Read The Bookseller of Kabul Page 14


  After hours of speeches the flag is to be raised at last, Ali’s green flag, janda, which has not been raised for five years. The flagpole lies on the ground, the top facing the mosque. To the beating of drums and the rejoicing of the crowds Karzai raises the pole, and the religious flag is run up. It will fly for forty days. Shots are fired and the barriers opened. The ten thousand who have been waiting outside pile in, to the mosque, the tomb and the flag.

  Mansur has had enough of crowds and celebrations and wants to shop. Ali will have to wait. He has been thinking about it for a long time. Every family member will get a present. If everyone gets a bite of the journey his father will be better disposed towards him in the future.
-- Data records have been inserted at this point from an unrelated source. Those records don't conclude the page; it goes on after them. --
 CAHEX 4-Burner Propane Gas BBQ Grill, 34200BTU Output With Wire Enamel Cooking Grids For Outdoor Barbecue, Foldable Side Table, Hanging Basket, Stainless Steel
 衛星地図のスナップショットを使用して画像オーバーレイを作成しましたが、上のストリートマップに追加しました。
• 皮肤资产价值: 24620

  He buys prayer rugs, kerchiefs and prayer beads. Then he buys sugar crystals - big crystals which one bites pieces off and crunches in tea. He knows that his grandmother, Bibi Gul, will forgive every sin he has ever committed or is ever likely to commit if he returns home with the heavy sugar crystals that are made only in Mazar. In addition he buys dresses and jewellery for his aunts, and sunglasses for his uncles and brothers. He has never seen sunglasses for sale in Kabul. Loaded down with all this, in large, pink plastic bags advertising ‘Pleasure - Special Light Cigarettes’, he returns to Kalif Ali’s grave. The New Year presents must be blessed.
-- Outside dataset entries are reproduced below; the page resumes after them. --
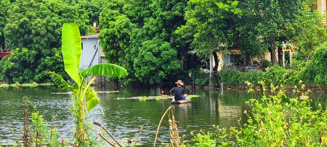 동네 청년이 쪽배를 타고 고기를 잡네요.
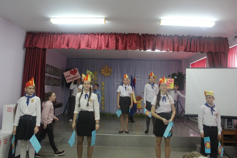 Под знаменами кружка "Компьютерная графика" вышло 15 человек. Все они долго готовились и переживали перед выступлением. Репетиции не прошли даром, зажигательная песня зарядила отличным настроение весь зал. А презентация о кружке показала, насколько ребята сплотились и сдружились на кружке.
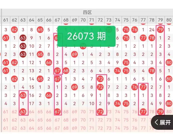 上期第四区间开奖5个号码,本期可能会稳定开出。64:近30期开出频次偏低,属冷号,上期未出,具备反弹潜力,与上期热号62、70-73形成间隔,避免后段扎堆;68:近期走势平稳,近10期无连续热出,属中频号码,上期未出,填补四区中段空缺;74:上期未出,属热号但无极端热态,适合作为四区核心补充,提升区间热号占比;77:近30期开出频次中等,属温号,上期未出,与冷号74形成区间内冷热平衡;79:近10期热度适中,上期未出,靠近四区边界,与74、77形成均衡分布,增强反弹有效性。
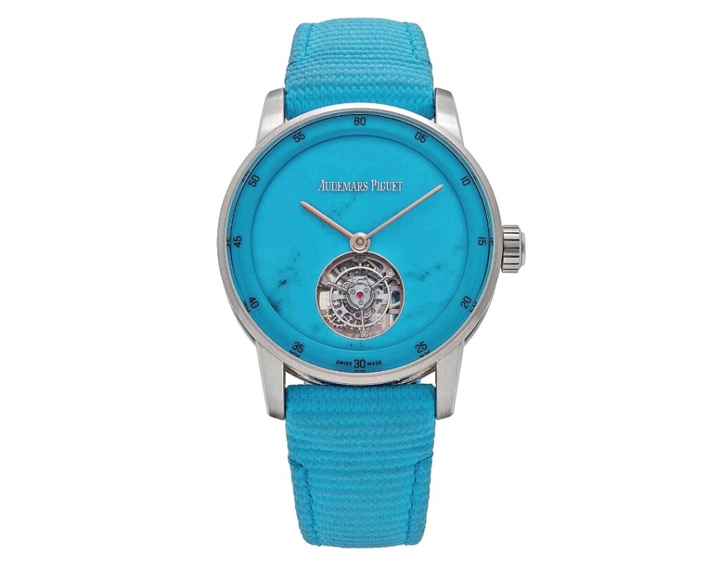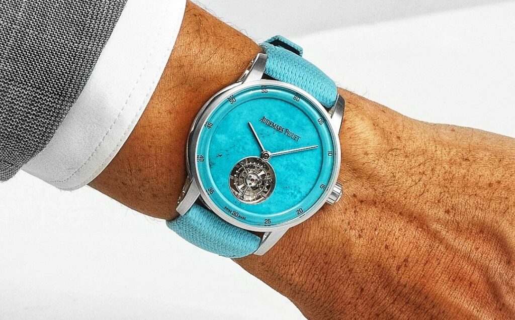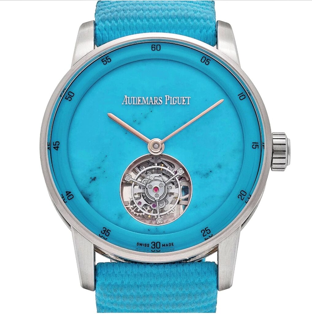 The Audemars Piguet Code 11.59 Turquoise Dial Tourbillon is a remarkable fusion of gemstone artistry and mechanical brilliance. With its tranquil yet powerful dial, floating tourbillon, and ultra-limited production, it represents a bold chapter in modern haute horology.

  He carries them into the actual crypt, and goes over to the mullahs who are sitting by the gold-painted wall inside the tomb. He places the gifts in front of one of them, who reads from the Koran and breathes over the gifts. When the prayer has been said, Mansur packs the things back into the plastic bags and hastens on.
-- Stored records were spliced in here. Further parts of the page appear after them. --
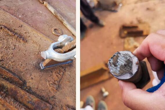 鋼絲或者鐵鏈要經(jīng)常檢測;一次最好不要全部用新鏈條,因?yàn)?,剛上的鏈條,沒有經(jīng)過船上實(shí)際檢測,由于鋼材品質(zhì),同一批爐號的鋼材,如果工藝有缺陷,有時會大批量地出現(xiàn)問題,在船上會非常被動。此外,一定要比計(jì)劃多留出5-10%的綁扎材料,做為備件,以為海上應(yīng)急之需。
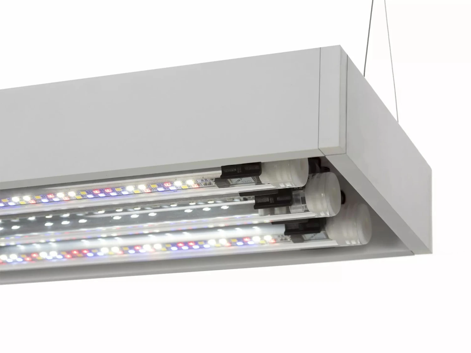 - Équipé d’un tube LEDs Sunny Day&Night 7000°K (1050 lumens) et 2 tubes LEDs Plants 9000°K (730 lumens chacun)
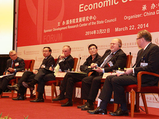 “中國(guó)發(fā)展高層論壇2014”于3月22日-24日在釣魚臺(tái)舉行。上圖為投資環(huán)境與政府職能轉(zhuǎn)變討論。
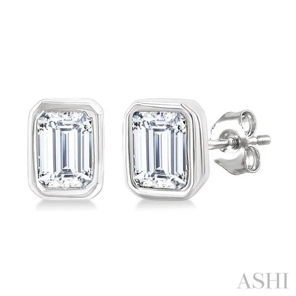 1/5 Ctw Petite Bezel Set Emerald Cut Diamond Fashion Stud Earring in 10K White Gold Image 3 Adler's Diamonds Saint Louis, MO
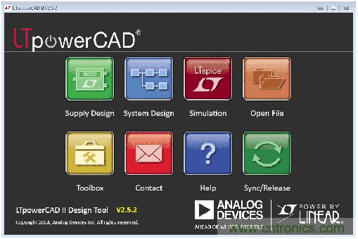 LTpowerCAD可用來為各個電壓軌提供電源解決方案。它還提供一係列參考設計,以讓設計人員快速入門。LTpowerCAD可以從ADI公司網站免費下載。
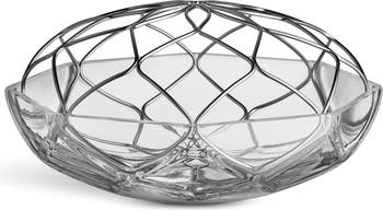 A metal cage nestles on top of sculpted mouth-blown glass to support your favorite blooms as you display them in this low vase.
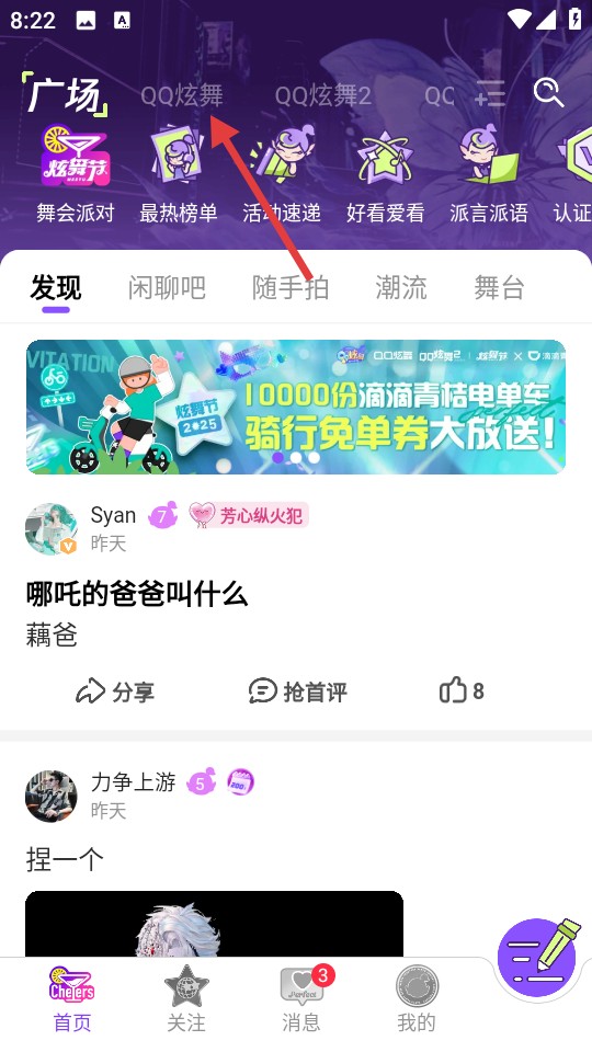 1、用户进入掌上炫舞软件首页,点击我的;
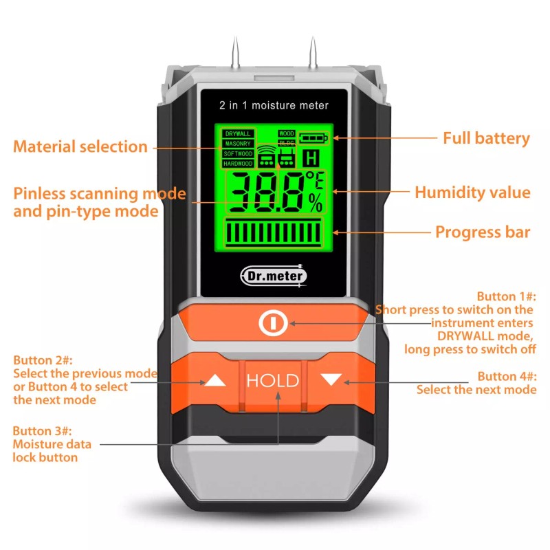 - ▶ 【2-in-1 Moisture Meter】The 2-in-1 Dr.meter moisture meter offers ideal dual functions of pin-type and pinless scanning in one. The pinless scanning mode with non-invasive measurement is ideal for high-end wood and building materials. The pin-type mode with faster response and higher accuracy is great for all kinds of wood and building materials.
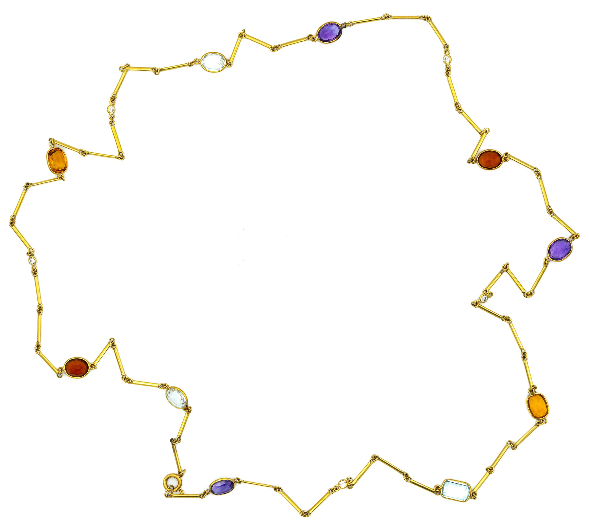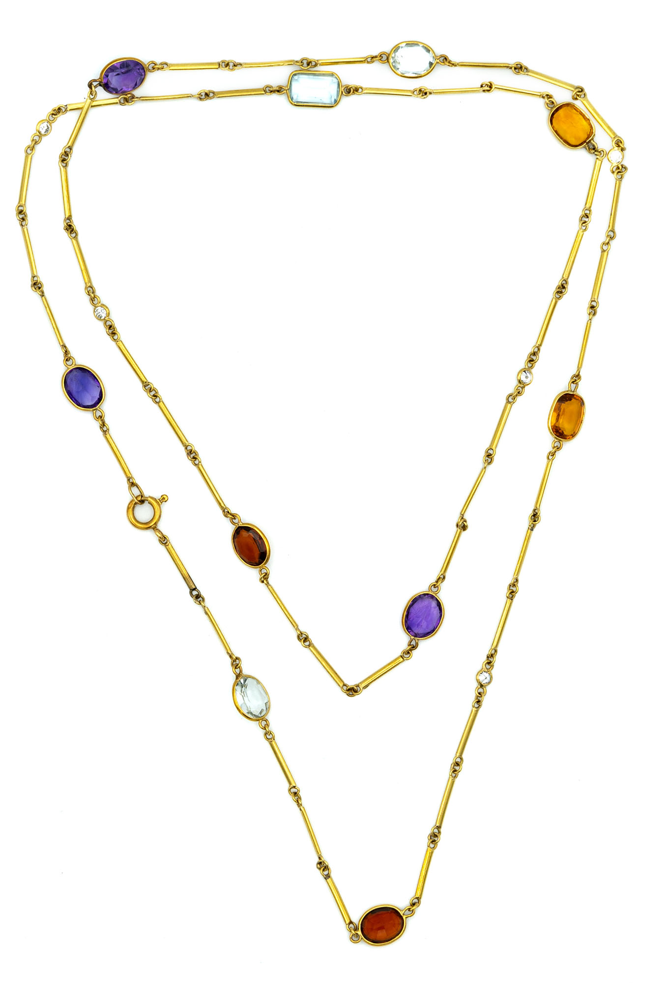 Lunga collana in oro giallo 18ktCon catena a barrette piatte intervallate da pietre di colore di vario taglioPeso totale gr 17Lunghezza 84 cm

  By the golden wall one can utter a wish. In keeping with the patriotic speeches he leans his forehead against the wall and prays: That he one day will be proud of being an Afghan. That he one day will be proud of himself and his country and that Afghanistan may become a country that will be respected in the world. Not even Hamid Karzai could have put it better.

  Intoxicated by all the sights and sounds, Mansur has forgotten the prayer of purification and forgiveness, the reason for his coming to Mazar. He has forgotten the little beggar girl, her thin little body, the big pale-brown eyes, the matted hair.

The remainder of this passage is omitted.